Figure 7: Pedestrian animation: A-pose conversion, Gaussian asset rigging, and motion generation through SOMA/GEM/Kimodo.
Figure 8: Scene insertion and harmonization: asset reintegration into NuRec with DiffusionHarmonizer for shadow and lighting coherence.
Implications and Future Prospects
Asset Harvester bridges the operational chasm between neural scene reconstruction and agent-driven closed-loop AV simulation. By solving the sparse-observation completion problem, the pipeline enables upstream scenario manipulation, SDG, and long-tail asset generation directly from logged data. The explicit separation of multiview generative synthesis and feedforward Gaussian lifting ensures scalability and domain robustness. The approach enables practical simulation deployment, asset library expansion, and facilitates downstream tasks such as novel-view synthesis, relightable asset creation, and interactive editing.

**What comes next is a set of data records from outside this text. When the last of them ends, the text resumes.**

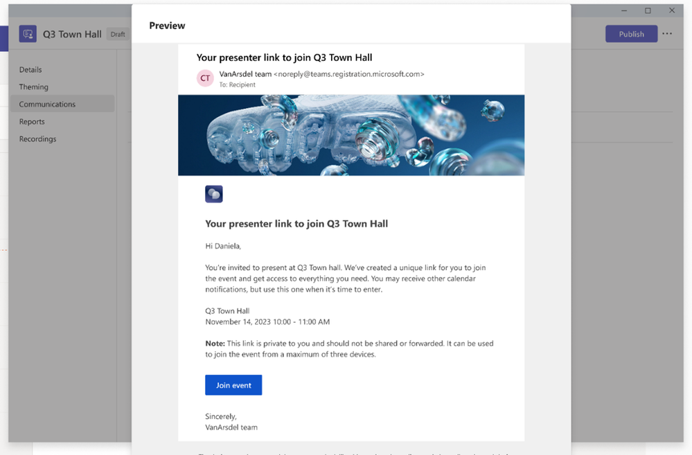Les fonctionnalités avancées de l’hôtel de ville comprennent une échelle supplémentaire allant jusqu’à 20 000 participants avec prise en charge des questions-réponses, jusqu’à 50 événements simultanés dans un locataire, des informations en temps réel, des modèles d’e-mails personnalisables, la prise en charge du réseau eCDN de Microsoft et la prise en charge de langues supplémentaires pour les sous-titres traduits en direct, et plus encore. Les fonctionnalités avancées nécessitent une licence Teams Premium. En savoir plus sur les assemblées générales dans Microsoft Teams.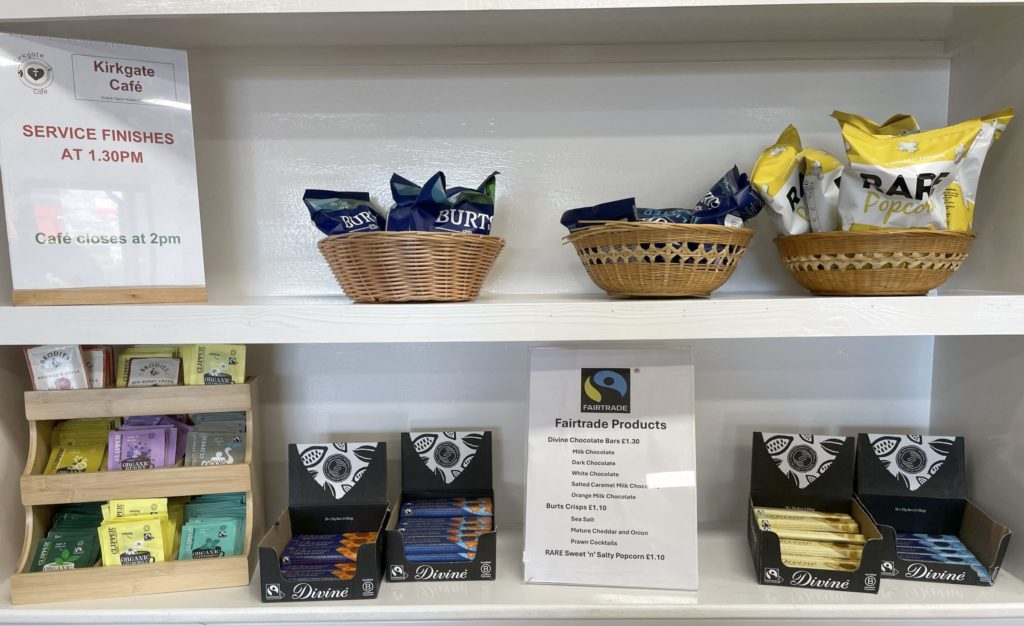 Liberton Kirk is also a Fair Trade Congregation, which means that the church and its organisations (including the Kirkgate Café) use fair trade tea and coffee and other fair-trade items where possible. There are some Fair Trade goods for sale in the Café – delicious bars of chocolate and tasty crisps. We encourage everybody to think about fair trade, helping people in other countries to make a decent living and feed their own families, and to look for the fair trade logo when they are shopping.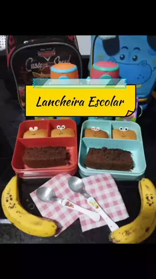 Lancheira de hoje. - Bisnaguinha com Requeijão e Presunto. - Bolo de Chocolate e Nutella. - Banana. - Suco Uva. - Água. #lancheira #lancheirainfantil #lancheiraescolar #lancheiradodia #lancheiradivertida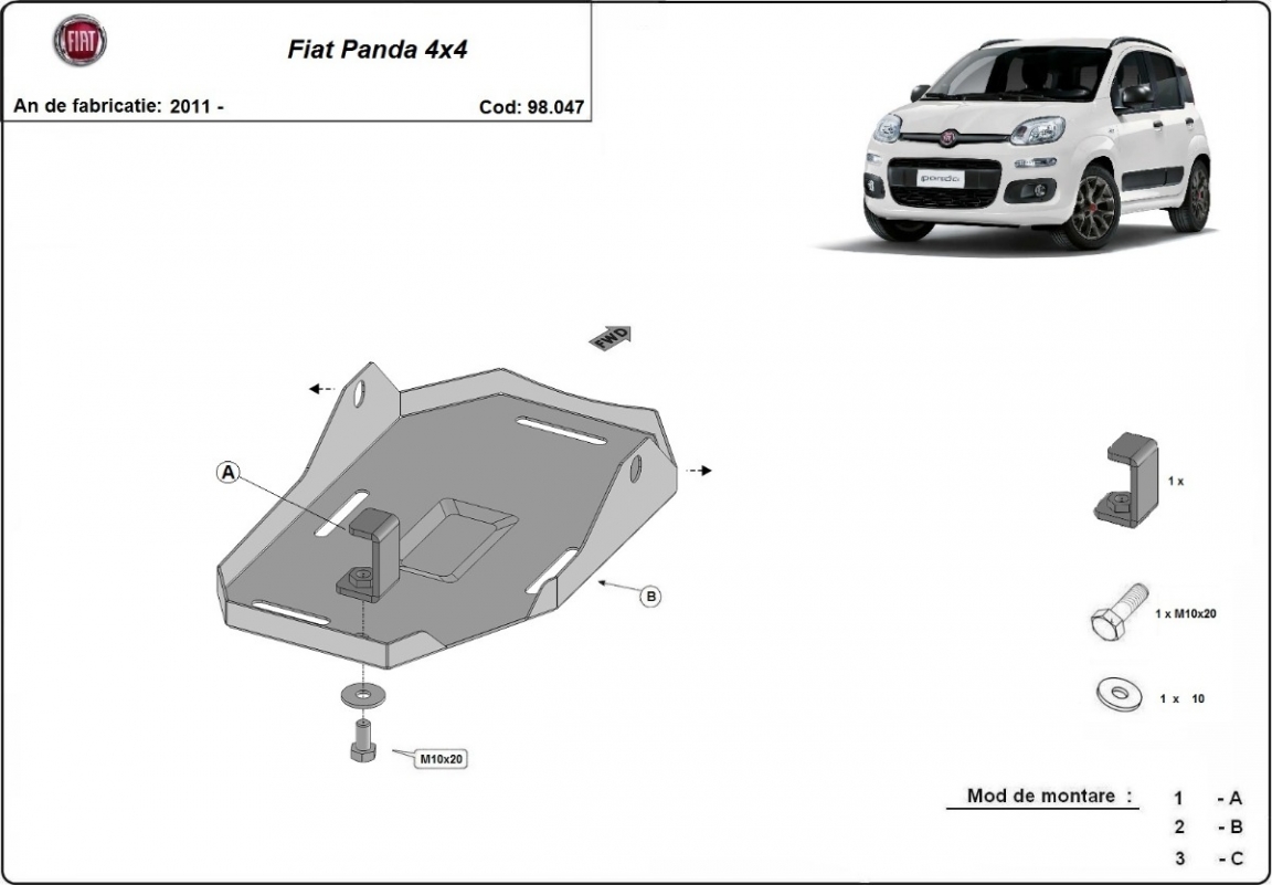 El cubre carter metalico es nuevo y se adapta perfectamente al Fiat Panda 4x4, con las siguientes versiones de motor / accionamiento: toate, fabricado entre 2011 y 2026. La placa protega los siguientes: diferencial trasero Está preparado de chapa de Acero de 2 mm. Cerrojos, calces y todos los accesorios incluidos. Todas las placas son estrachadas con pintura de polvo anticorrosivo. Las placas del protección del motor son equipados con braceares soldados para resistir mejor a los impactos exteriores. |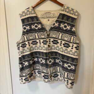 Vintage Union Garment Sweater Vest Size M Made in Hong Kong Patterned Cotton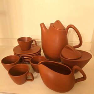 Vintage Mid-Century Terracotta Ceramic Espresso Set with Teapot, Milk Pitcher & Sugar Bowl. 4 mugs, 6 saucers. Sugar Bowl and Milk Pitcher have chips as shown in photo. Otherwise, in great condition. Brand Unknown. These are authentic from the 70s.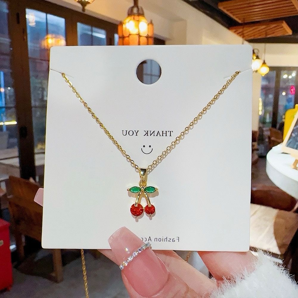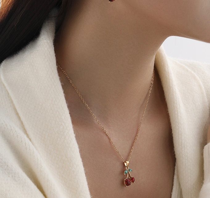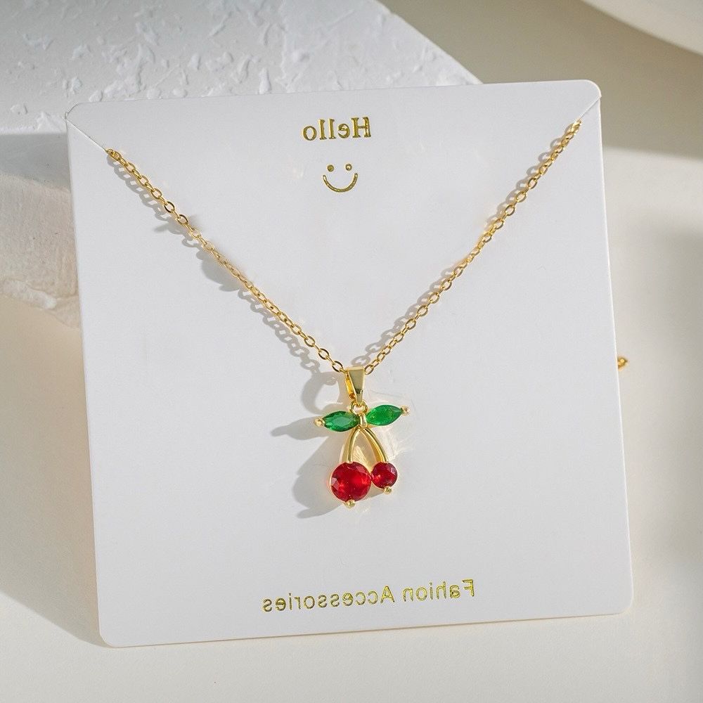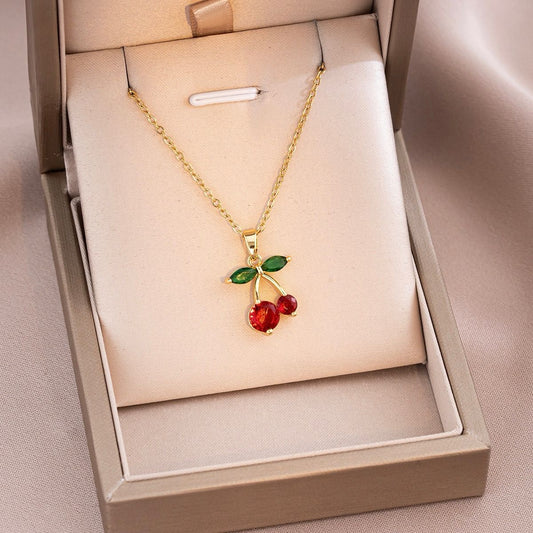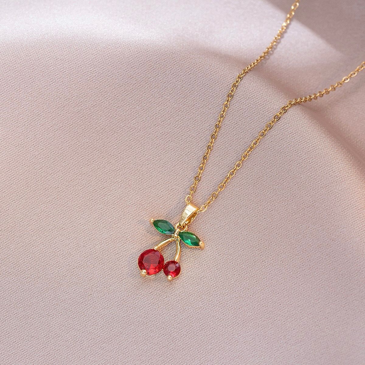 Cherry Necklace, red necklace, Pinterest inspired accessories, Pinteresty jewellery, Anti tarnish necklace, gold jewellery, stainless steel necklace, gold plated necklace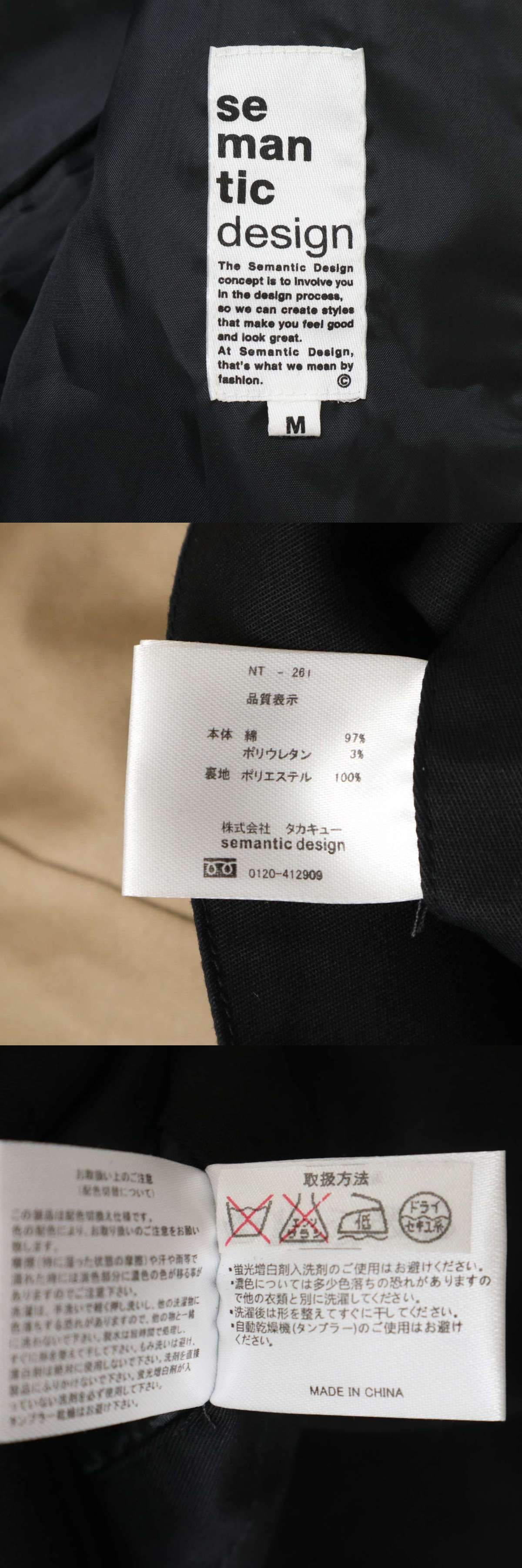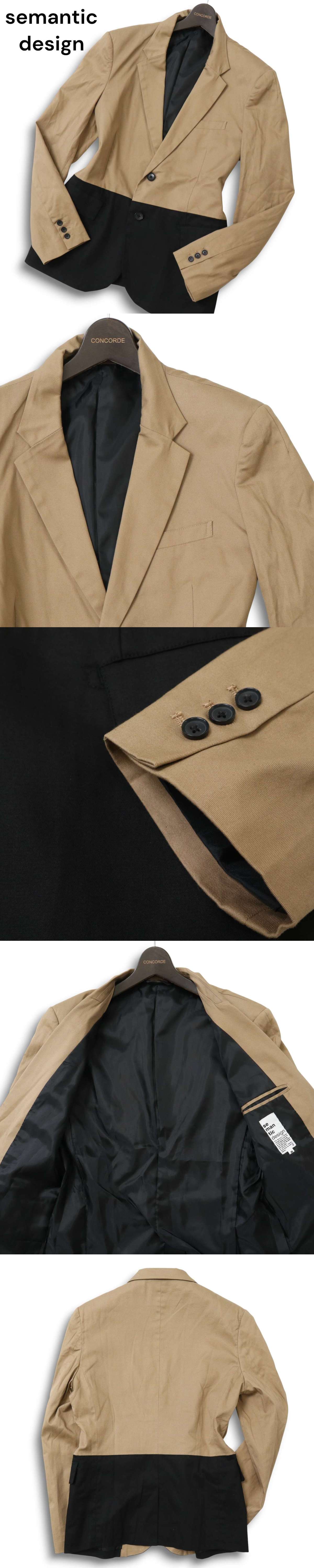 semantic design セマンティック デザイン 通年 総裏★ バイカラー スリム テーラード ジャケット Sz.M メンズの落札結果

Asset Harvester implies that future log-to-asset pipelines may be further integrated with route prediction, scene graph construction, and semantic annotation for fully automated AV testing environments. The methodology also motivates research in robust multi-modal sensor fusion, geometry-conditioned generative modeling, and efficient asset optimization for domain transfer.
Conclusion
Asset Harvester constitutes a rigorous, scalable pipeline for extracting simulation-ready 3D assets from real-world AV logs in sparse, noisy, and limited-angle conditions. Through system-level design integrating robust data curation, geometry-consistent diffusion synthesis, and efficient feedforward Gaussian lifting, the model surpasses prior image-to-3D baselines across all metrics and object classes. Its practical performance, adaptability to in-the-wild conditions, and close integration with AV simulation systems suggest broad utility for scalable asset generation and automated simulation scenario creation.